No one moved. We were still taking in the room, even Nora. When I caught her gaze and raised my eyebrows, she responded with a very human shrug.

“I’m as surprised as you are.”

She moved toward the sitting area first. I followed, sidestepping a metal ladder that was bolted to the floor.

It rose straight up and through a circular opening in the ceiling.

Did Jared’s weird collection continue up there?

Curiosity urged me to climb the rungs and take a peek, but I needed to get myself together and focus on more important things.

As soon as I sat on the couch, I realized I should have chosen a chair.

Blake’s gaze was locked on the seat beside me.

I could already feel the cushions dip with his weight, causing me to lean toward the heat of his body.

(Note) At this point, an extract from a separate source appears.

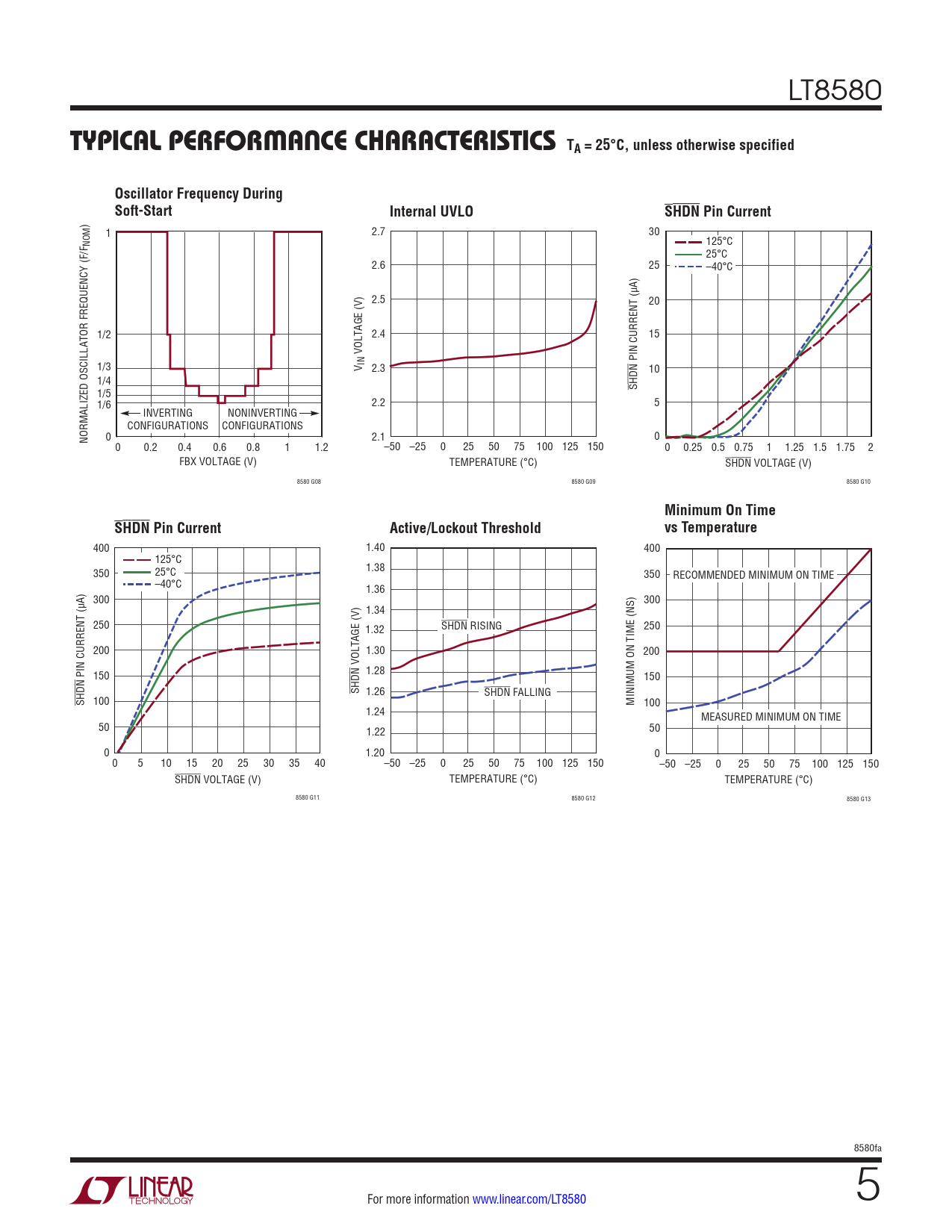 ) 1 2.7 30 NOM 125°C 25°C 2.6 25 –40°C 2.5 20 1/2 2.4 15 VOLTAGE (V) 1/3 PIN CURRENT (µA) V IN 2.3 10 1/4 SHDN 1/5 1/6 2.2 5 INVERTING NONINVERTING CONFIGURATIONS CONFIGURATIONS 0 NORMALIZED OSCILLATOR FREQUENCY (F/F 2.1 0 0 0.2 0.4 0.6 0.8 1 1.2 –50 –25 0 25 50 75 100 125 150 0 0.25 0.5 0.75 1 1.25 1.5 1.75 2 FBX VOLTAGE (V) TEMPERATURE (°C) SHDN VOLTAGE (V) 8580 G08 8580 G09 8580 G10
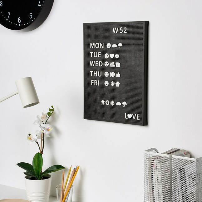 Поприветствуйте гостей или начните день с любимой цитаты - и меняйте надпись, когда захотите. Наслаждайтесь бесконечными комбинациями с 426 буквами, символами и цифрами на этой прищепке.

He’d rest his arm along the back of the couch.

I’d glare at it and then at him, pretending to be annoyed by his proximity.

He’d grin and remain right there beside me.

“Sit there.” Nora pushed Christian toward me. He stumbled and half sat, half fell onto the couch beside me.

I threw a what-the-hell look at Nora. She just took a seat in one of the oversized chairs, crossed one leg over the other, and managed to look completely put together in her borrowed silk robe.